Strongly typed encoding format
Schema-based binary data format, with a type system as strong as Rust's.
Mabo is a data encoding format, that borrows a lot from existing schema-based formats like Protobuf, Cap'n Proto and Flatbuffers. It takes some ideas from the binary data formats Postcard and Bincode as well, which are popular choices in the Rust ecosystem.
In contrast to those projects it favors a very strong and strict type system, and takes different overall design decisions. It is not necessarily better than them, but takes other approaches to the challenges when designing a data format.
What means schema-based?
Data formats can generally be categorized into 3 groups: Self-describing, non-self-describing, and schema-based.
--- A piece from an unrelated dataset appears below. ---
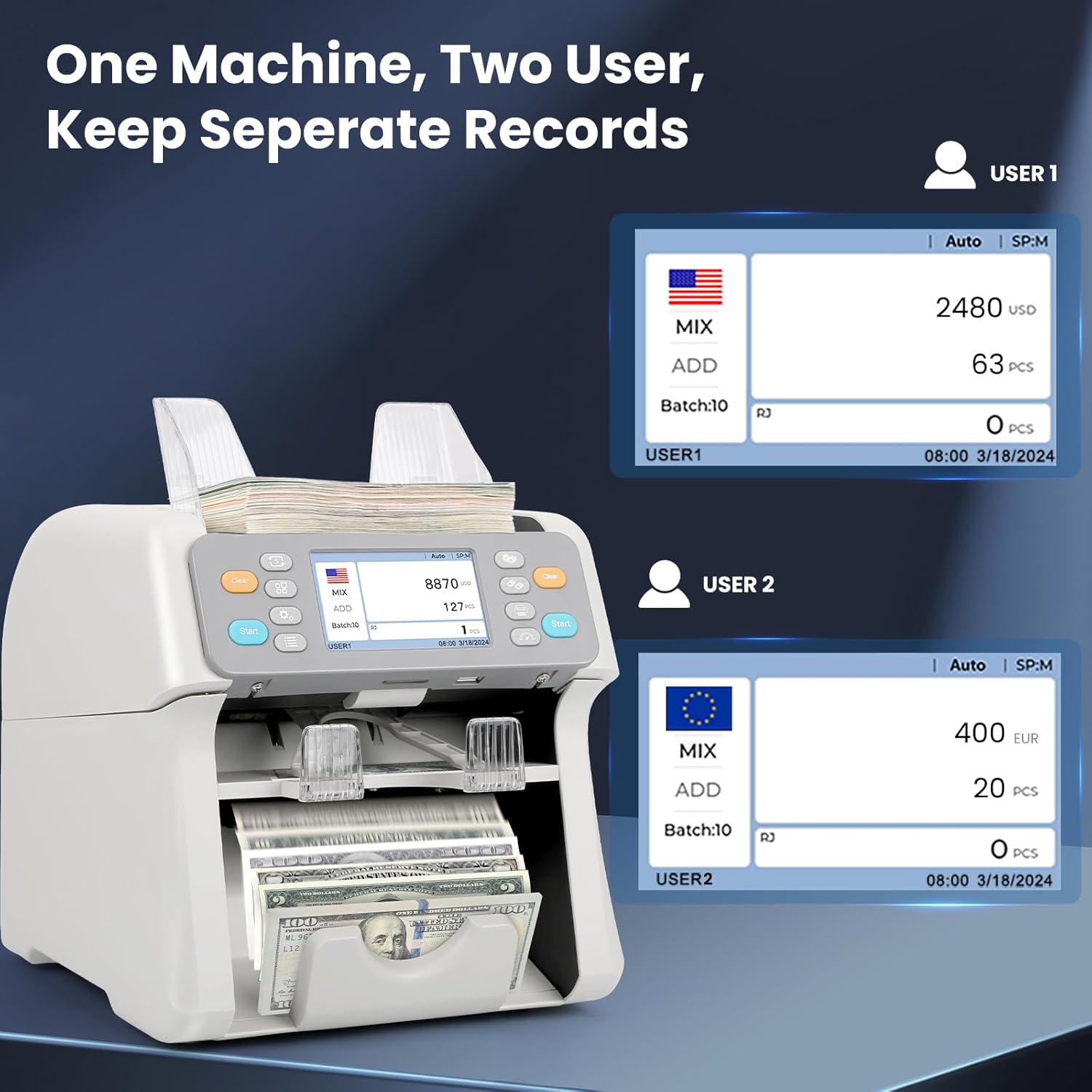 - Save Your Time and Money: 1+1 pockets mixed denomination value counter, counting all denominations together and display a clear breakdown report on screen. The reject pocket is designed for rejecting counterfeit notes, warn notes or foreign notes. Non-stop counting hugely save your time. Multi currency support forUSD, EURO, GBP, CHF, AUD, CAD, MXN, CLP, CRC, PEN, BRL, COP,.etc 12 currencies, suitable for North American and South American markets

Self-describing formats are most common in text-based formats, meaning they're human readable. The self-describing part is usually implemented by either pairing each value with a key to name it, or writing a descriptor for the format at the beginning of a payload. Popular formats include JSON, XML, CSV and many more.
Non-self-describing formats are most common in binary formats that are machine readable. They are often accompany special handling of the payload to squeeze out extra saving in storage size and the structure is often defined by the program itself. Some popular formats with a defined structure are MessagePack or CBOR, but again, there are many more.
Lastly schema-based formats are mostly binary as well, but their structure is described in a text-based schema. This schema is then used to generate the source code that defines data structures and the logic to encode and decode it into and from the format.
Within all these groups there are exceptions as well. There are text-based formats that are not self-describing and there are binary formats that are self-describing or offer to encode as either self-describing or not.
Mabo falls into the last group.
Why a stronger type system?
Firs and foremost, I personally really enjoy the Rust programming language and its strict but flexible type system.
In the many years that I have used Protobufs, they always have felt limited with the few supported built-in types. Most of the time that resulted in an additional round of validation after decoding the format, to ensure all data is in a valid form.
Many of these validations could be avoided by a stronger type system, which would rule out many wrong states by refusing them upfront.
For example consider a the type for a TCP port. It can range from 0
to 65535
(inclusive), making a 16-bit unsigned integer the perfect fit for the value range. Many formats don't provide a data type for this integer, despite many programming language having one (u16
, uint16_t
, uint16
, Short
, ...).
By extending the type system, data structures can be defined in a way, that ensures the data is already in a valid state after decoding, not needing an additional step for validation.
The project name
The name Mabo is Japanese (マーボー) and a short form of the chinese dish 麻婆豆腐 (マーボーどうふ, /maːboːdoɯɸɯ/, mabodofu), which was one of my favorite foods while living in Japan.
After long search for a project name I gave up with acronyms and decided to follow naming after food, as done with Bun and OpenTofu. The Bun logo resembles a 肉まん (にくまん, /nikɯmaɴ/, nikuman) with is face on it, which is a soft bread filled with pork, and the OpenTofu logo resembles a block of tofu with indications of eyes.
Therefore, I decided to name the project after one of my favorite dishes.